On the point about thwarting hackers using self-modifying code:

Over the course of several firmware updates, DirectTV slowly assembled a program on their smart card to destroy cards that have been hacked to illegally receive unpaid channels. See Jeff's Coding Horror article on the Black Sunday Hack for more information.

Zach Scrivena
DirectTV's Black Sunday Hack?
Brian
That's it! Thanks!
Zach Scrivena
Thanks for that Zach!!!
Niyaz
+8  A: 

I've seen self-modifying code used for:

  1. speed optimisation, by having the program write more code for itself on the fly

  2. obsfucation, to make reverse engineering much harder

Alnitak
Historically this was quite popular for copy-protection mechanisms on game software.
ConcernedOfTunbridgeWells
indeed - that's exactly where I've seen it :)
Alnitak
which btw was required on some old 8-bit micro (BBC) games to get them to run from disk instead of cassette tape.
Alnitak
A: 

Neural networks are kind of self-modifying code.

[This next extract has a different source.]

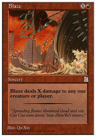 Blaze – This bad X spell was reprinted a lot, but two works were never seen again. I love the red Blaze from Portal Three Kingdoms because it shows red blowing up boats. Usually, when you see red burning blue's stuff, it’s a Drake. Here, it’s boats on the water—and the art is good (it's part of the story of the Red Cliffs Battle). Take a look at the Portal Second Age art while you are at it—it’s another great piece that was sadly not reprinted. Why they chose to use the first Portal’s art and Seventh Edition art again and again is beyond me when these two images were both better by far.

Then there are evolutionary algorithms which modify themselves.

Georg
I am not sure neural networks modify the code. I never knew that. http://www.hoozi.com/Articles/Neural-Networks-Artificial-Neuron.htm
Niyaz
I believe any change that must be done to the structure of a neural network can be done in the data part. Why should it modify the code?
Niyaz
neural nets are _not_ self modifying code. they're nothing more than complex non-linear transformations whose weights are determined by training.
Alnitak
They don't actually modify the code itself, but the function changes. The same is true for evolutionary algorithms, they can be implemented without changing the actual code.
Georg
What about evolutionary algorithms that are implemented on top of code generators to perform their evolution?
Erik Forbes
It depends, both are possible.
Georg
+5  A: 

In former times where RAM was limited, self modifying code was used to save memory. Nowadays for example application compression utilities like UPX are used to decompress/modify the own code after loading a compressed image of the application.

Kosi2801
I thought these binary compressors only compressed on disk, and decompressed when loaded into memory?I also read once that because they are decompressed as loaded into memory they cannot be paged out to disk, so they consume more RAM. Isn't this the case?
Peter Morris
Packed executables have a "bootstrap" application which is loaded into memory and started there. This then loads the compressed data, decompresses it and appends the decompressed instructions to its own code. When decompression is finished, this code is started. Paging happens as usual.
Kosi2801
Self decompressing JavaScript is used abundantly on web pages.
Jader Dias
A: 

Application switch implement their own scripting languages often do this. For example, database servers often compile stored procedures (or queries) this way.

Craig Stuntz
A: 

Mike Abrash described the Pixomatic code generator for Dr. Dobb's Journal a while back: http://www.ddj.com/architect/184405807 . That's a software 3d dx7(?) compatible rasterizer.

MSN
+1  A: 

LOL - i've written self-modifying code on two occasions:

  1. when first learning assembly language, before i understood indirect indexed access
  2. accidentally, as pointer bugs in assembly language and C

i can imagine that there may be scenarios where self-modifying code would be more efficient than alternatives, but nothing obvious leaps to mind. In general, this is something to avoid - debugging nightmare, etc. - unless you are deliberately trying to obfuscate as mentioned above.

Steven A. Lowe
+3  A: 

Because the Commodore 64 doesn't have many registers and has a 1Mhz processor. When you need to read a memory address offset by a value it is easier to modify the source.

@Reader:
LDA $C000
STA $D020
INC Reader+1
JMP Reader

That's the last time I wrote self-modifying code anyway :-)

Peter Morris
+1  A: 

Lots of reasons. Off the top of my head:

  • Runtime class construction and meta programming. For example, having a class factory that takes a connection to an SQL table and generates a client class specialized for that table (with accessors for the columns, find methods, etc.).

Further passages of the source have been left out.